= Catherine Lepère =

French midwife (1601–1679)

Catherine Lepère (1601–1679) was a French midwife. She was an associate of La Voisin and one of the accused in the Affair of the Poisons (1677-1682).

== Biography ==
Lepère was a licensed midwife who had delivered La Voisin's own children. She performed abortions for clients remitted to her by La Voisin.

Lepère was arrested in 1679, as were many other associates of La Voisin, after having been pointed out by Marie Bosse. She admitted having performed abortions, which were illegal at the time, but pointed out that she had prevented many scandals involving upper class ladies by doing so, and that she considered that she had performed a community service. She received her clients from La Voisin, who took almost all the profit. Marie Bosse claimed that fetuses who had been aborted late in the pregnancy were burned in an oven at La Voisin or buried in the garden of La Voisin, but this was never investigated and therefore unconfirmed, as Louis XIV had given the order that the part of La Voisin's enterprise which had to do with abortions should not be pursued further.
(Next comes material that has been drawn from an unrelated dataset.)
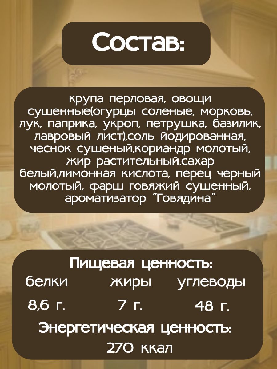 крупа перловая, овощи сушенные(огурцы соленые, морковь, лук, паприка, укроп, петрушка, базилик, лавровый лист),соль йодированная, чеснок сушеный,кориандр молотый, жир растительный,сахар белый,лимонная кислота, перец черный молотый, фарш говяжий сушенный, ароматизатор "Говядина"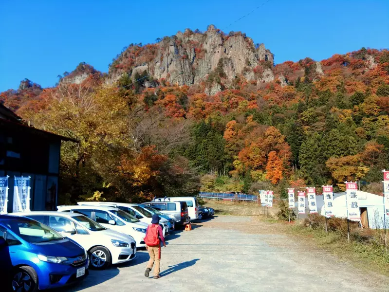 秋の週末は朝から満車となることもあるので早めの行動か、正午過ぎの開いた時を。道を挟んでトイレも有り、駐車料金は無料です。この日は秋の斜陽に輝く紅葉を見たかったので13時過ぎの行動開始でした。

Lepère was sentenced to death for abortion on 11 August 1679. She was also sentenced to be tortured, but because of her advanced age, she was merely fastened in the torture device without it being put to actual use, as there was a fear that she would die of the torture rather than the execution if the torture was actually applied. She was executed by hanging.

== In fiction ==
Catherine Lepère is portrayed in a novel by Judith Merkle Riley: The Oracle Glass (1994).